Indians were keen on watching Nehwal go head on against the country’s darling and Olympic runner up PV Sindhu, but the anticipation ended when the original fighter couldn’t keep up her end of the bargain after Sindhu had scrambled into the Last 4. Still, the quarterfinal was pretty climatic for the anti-climax.
Nehwal had started disastrously, with not even a hint of a take-off in the opener which she lost 21-8.
Coming off successive three-setters in only her second meet after her return from surgery, she didn’t look in the best of shapes, but the pickled experience was releasing flavours of bygone dominance – the crosscourt whipped smashes, the flicked flat strokes that found their angles, the sliced drops hit with the edge of racquet at 90 degrees and the fire intact when pushed by the line calls.
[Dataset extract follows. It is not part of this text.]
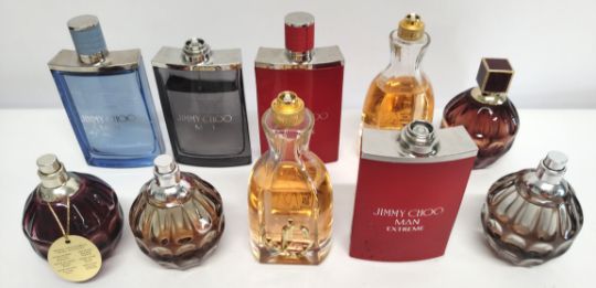 Thirty Jimmy Choo perfumes/testers and related (please note: bottles may have been used/packaging may have damage/missing spray tops or lids).

At one point in the mid-set, the review challenge would justly alter a 17-15 score to 16-16 after she’d scored 4 straight point surges twice, and it would fire her up so much that she propelled herself quick-burning the fumes she was running on. She revved up the pace of the rallies, her aggression piggybacking as she pumped her fist and let out feral cries to push the match into a decider.
Nehwal would lead 9-4 in the third, but Cheung had a wise mind guiding her through what is essentially a high-frenzy explosive game which under the stern eye of Chen Wang never lost its direction. Cheung has good shots from the back of court and some deceptive drops, as well as scorching pace when she rushes the net to dictate her strokes.
It was all too much, too soon for Nehwal in only her second week on return – fourth match after three weeks of training on court.
“The last two matches were very tiring. I pushed, but it was too tough for me today,” she told the BWF website after the match. Not the sharpest at the nets owing to her leaden movements and breathing heavy, Nehwal craved that lung power to push her through. She’d rustle up 6 straight points to come back from 11-18 down – relying on her will power and experience making Cheung scurry around.
But against a compulsive retriever who could pack in her strokes, it was never going to be enough, as she watched the train leave the platform.
“She was a bit more alert in the end. I was trying to get my breath back, and she was pushing hard. I had the feeling I could’ve won, but it’s not easy when you’re not fit,” she told the BWF.
Saina’ll take heart from the fact that her leg is holding up, and it’s a matter of regaining leg strength and stamina, as her coach Vimal Kumar says.
She echoed him, adding, “I’m not disappointed with the loss. Could have played semis – but when your condition is not good, you can’t expect too much,” she added.
The Olympic years have been eventful for Saina Nehwal from swatting aside Ukrainian Larysa Gryga in Beijing 2008 to going down to an unknown Ukrainian at Rio. Chen Wang resurfaced from the slice of history that was the Indian’s first success at the Olympics, and watched the beginning of another chapter in Saina Nehwal’s journey unfold. She’d have noted that the fight’s not gone out of this one.